Não demorou muito para que os pingos grossos da chuva começassem a cair, primeiro lentamente, depois com mais força ... Os raios e trovões, agora, ressoavam acima de suas cabeças, fazendo com que a casa estremecesse.
De repente, a luz apaga no mesmo instante em que escutam batidas fortes e insistentes na porta dos fundos. Com o barulho, Ana e José se assustaram e começaram a gritar no escuro.

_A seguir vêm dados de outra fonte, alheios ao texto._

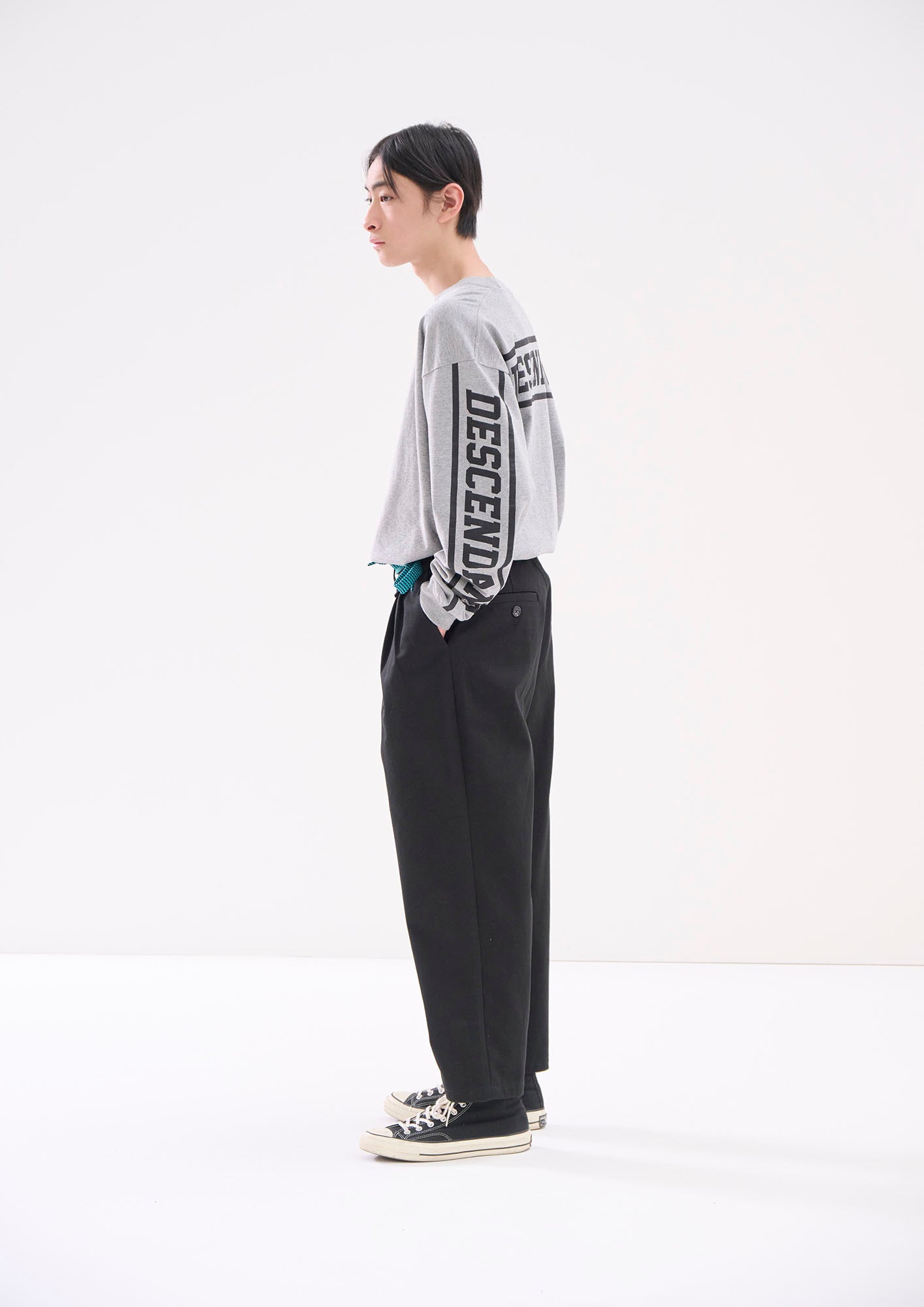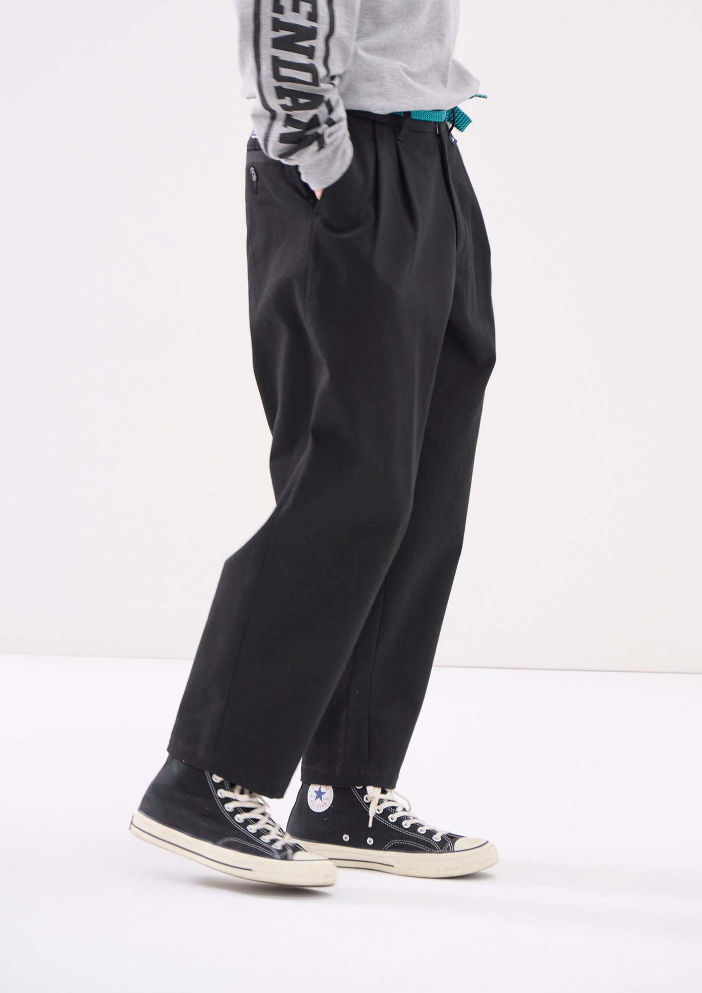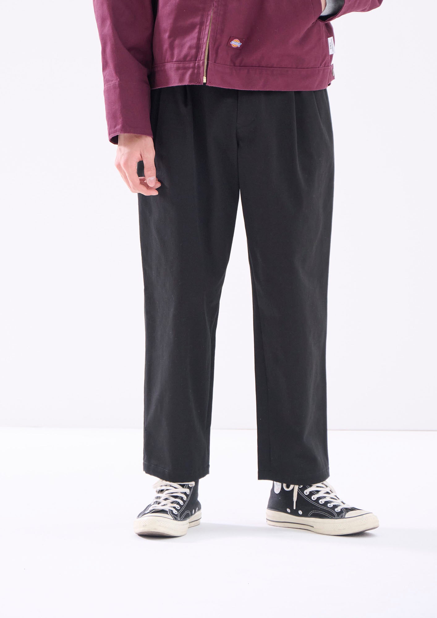 生地目の詰まったオーガニックコットンカツラギを使用したDC-3ツイルトラウザーズ。ツータックの腰回りから裾口へゆったりテーパードしたシルエット、斜め間口のサイドポケット及び片玉縁のヒップポケットを配し、背面にSPYHOPのパッチ、ベージュのみKhaKeeのピスネーム付き。腰帯のスレキには「DC-3 | Wide」及びベージュのみ「KhaKee」のプリント。

Rubens tentava, em vão, acender a lanterna, mas esta não havia carregado.
Olhou para Melinda, que tentava acalmar as crianças e se lembrar onde estavam as velas quando, mais uma vez, escutaram batidas insistentes na porta dos fundos, acompanhado de um choro baixinho.
Rubens e Melinda sentiram um arrepio percorrer seus corpos tensos.
Como que saindo de um transe, Rubens aproximou-se da porta, a segurar a lanterna apagada como arma, abriu as trancas devagar e ouviu mais uma vez um choro baixinho... abriu a porta ao mesmo tempo em que Melinda chegava com uma vela acesa que encontrara numa gaveta e Ana e José agarrados a perna.
Levaram alguns minutos para se acostumarem com a escuridão, que foi quebrada pelos raios que caíam e se entreolharam novamente, como que para confirmar o que estavam vendo: duas crianças, pálidas e assustadas, um menino e uma menina que ficavam ainda mais assustadoras quando os raios caiam e iluminavam seus corpos magros.
Melinda foi a primeira a se refazer do choque, desvencilhou-se de seus filhos, e puxou pelas mãos as duas crianças que estavam completamente molhadas e assustadas. Os levou até o quarto e os ajudou a trocar de roupa, envolvendo-os num cobertor para aquecê-los.
Reuniram-se na sala, onde poderiam ficar todos juntos, enquanto o temporal continuava, parecia não ter fim.
Ana e José olhavam assustadas para os recém-chegados, que estavam a devorar o lanche servido como se há muito tempo não comessem nada. Assim que terminaram e se aqueceram, Melinda perguntou os seus nomes e o que faziam fora de casa, naquela tempestade??!!
João disse que se chamavam João e Maria e que haviam saído para comprar doces quando a tempestade os surpreendeu no caminho. Enquanto falava, uma sensação estranha pairou no ar... parecia que estava contando a história de João e Maria, que foram abandonados na floresta, se perdendo e indo parar na casa da bruxa.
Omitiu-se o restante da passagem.